How we share your personal information
We may share your personal information with the following parties and as otherwise
described in this Privacy Policy or at the time of collection.
Affiliates. Our corporate parent, subsidiaries, and affiliates, for purposes consistent
with this Privacy Policy.
Service providers. Third parties that provide services on our behalf or help us operate
the Service or our business (such as hosting, information technology, customer
support, email delivery, marketing, and website analytics).
Payment processors. Any payment card information you use to make a purchase from
us, including on the Service, is collected and processed directly by our payment
processors and as such may be subject to that payment processor’s privacy policy.
Third parties designated by you. We may share your personal information with third
parties where you have instructed us or provided your consent to do so.
Business and marketing partners. Third parties with whom we collaborate on joint
activities (such as co-sponsors of contests and promotions), with whom we have
entered into joint marketing relationships or other joint ventures, or who we think may
offer you products or services that you may enjoy.
Professional advisors.
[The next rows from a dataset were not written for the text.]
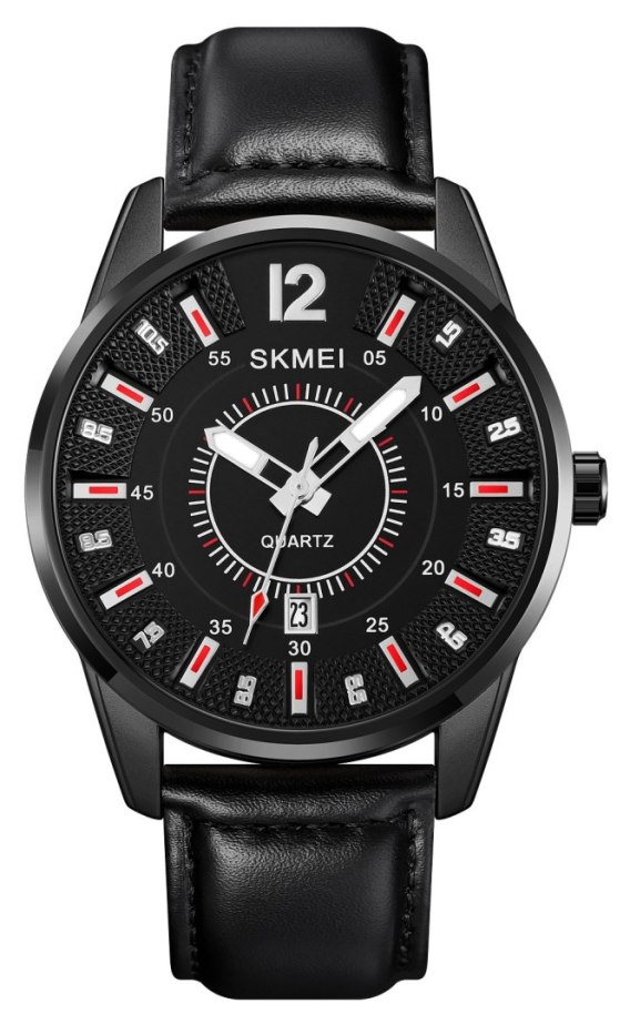 Tarcza Skmei 1993BK jest przemyślana i pełna detali, które razem tworzą stylowy, a zarazem dynamiczny design - idealny dla mężczyzny, który ceni zarówno elegancję, jak i funkcjonalność. Czerwone detale na indeksach i wokół centralnego okręgu dodają całości wyrazistości, wprowadzając nutę sportowego charakteru. To kontrast, który przyciąga wzrok i sprawia, że każdy element tarczy jest łatwo zauważalny.
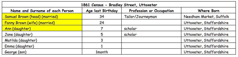 Brown continue to live in Bradley Street in 1871 and 1881 and are in Burton
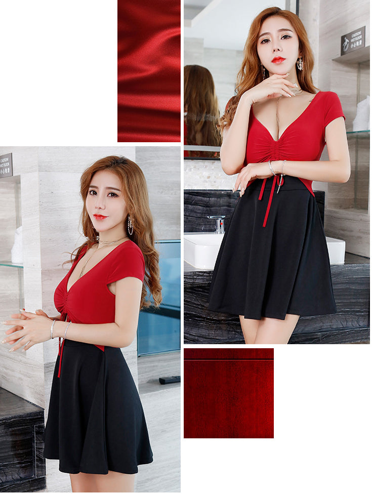 Sexy Pretty Women V Neck Short Sleeves Front Bow Tie Up Night Clubbing Meeting Short Dress
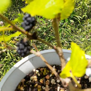 似た果実をピックアップしました。 左側の上下がブラックベリー、右側の上下がマルベリーです。 ブラックベリーは上がシャーロンズデライト、下がプライムアークフリーダム。 マルベリーは上が雲南マルベリーを中心にシャルロットリュスとスィートマルベリーも混ざっています、下は全てカタネオです。 マルベリーはドライフルーツに向いた品種と生食に向いた品種があるようで、カタネオは果実が締まっていて水分含有量が少なくジューシーさが少ないためドライ向けだと思います。 見た目で分かりますが上のマルベリーは実の一粒一粒にハリとツヤがあり、生食でジューシーで美味しいです。
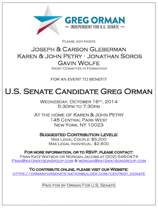 Jonathan Soros, son of billionaire Democratic donor George Soros, will host a New York City fundraiser this week for Orman, who is running as an independent candidate, according to an invitation obtained by America Rising.
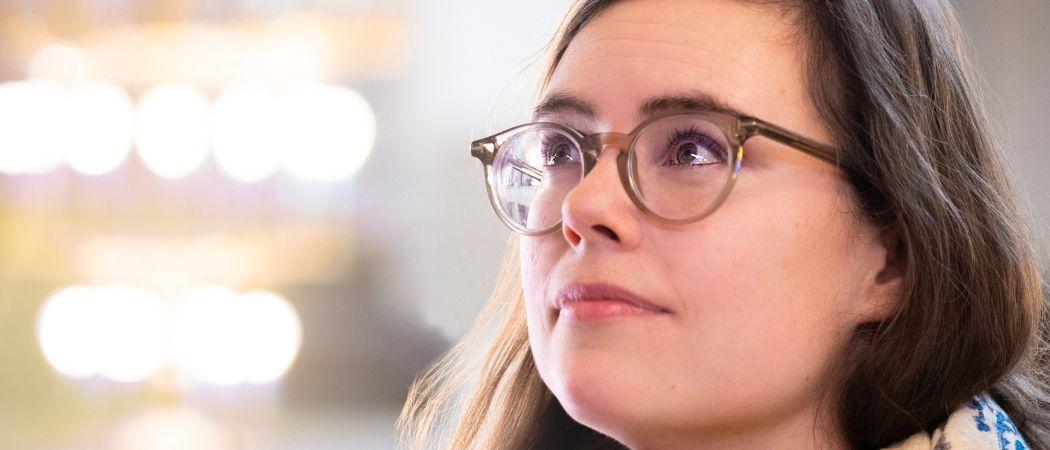 Lähikuva silmälasipäisestä naisesta, joka katsoo viistosti ylöspäin
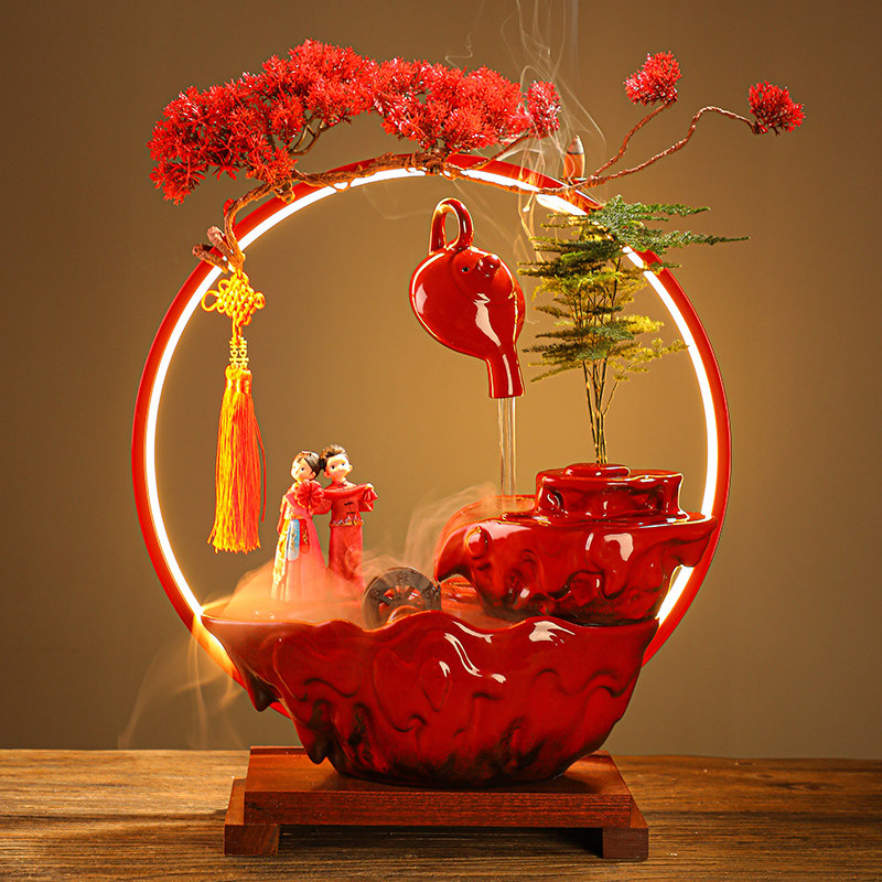 创意婚庆流水摆件结婚送新人礼物婚房布置情人节礼品陶瓷装饰品

Professional advisors, such as lawyers, auditors, bankers, and
insurers, where necessary in the course of the professional services that they render to
Authorities and others. Law enforcement, government authorities, and private parties,
as we believe in good faith to be necessary or appropriate for the legal compliance and
other purposes described above.
Business transferees. Acquirers and other relevant participants in business
transactions (or negotiations and diligence for such transactions) involving a corporate
divestiture, merger, consolidation, acquisition, reorganization, sale or other disposition
of all or any portion of the business or assets of, or equity interests in, Zip or our
affiliates (including, in connection with a bankruptcy or similar proceedings).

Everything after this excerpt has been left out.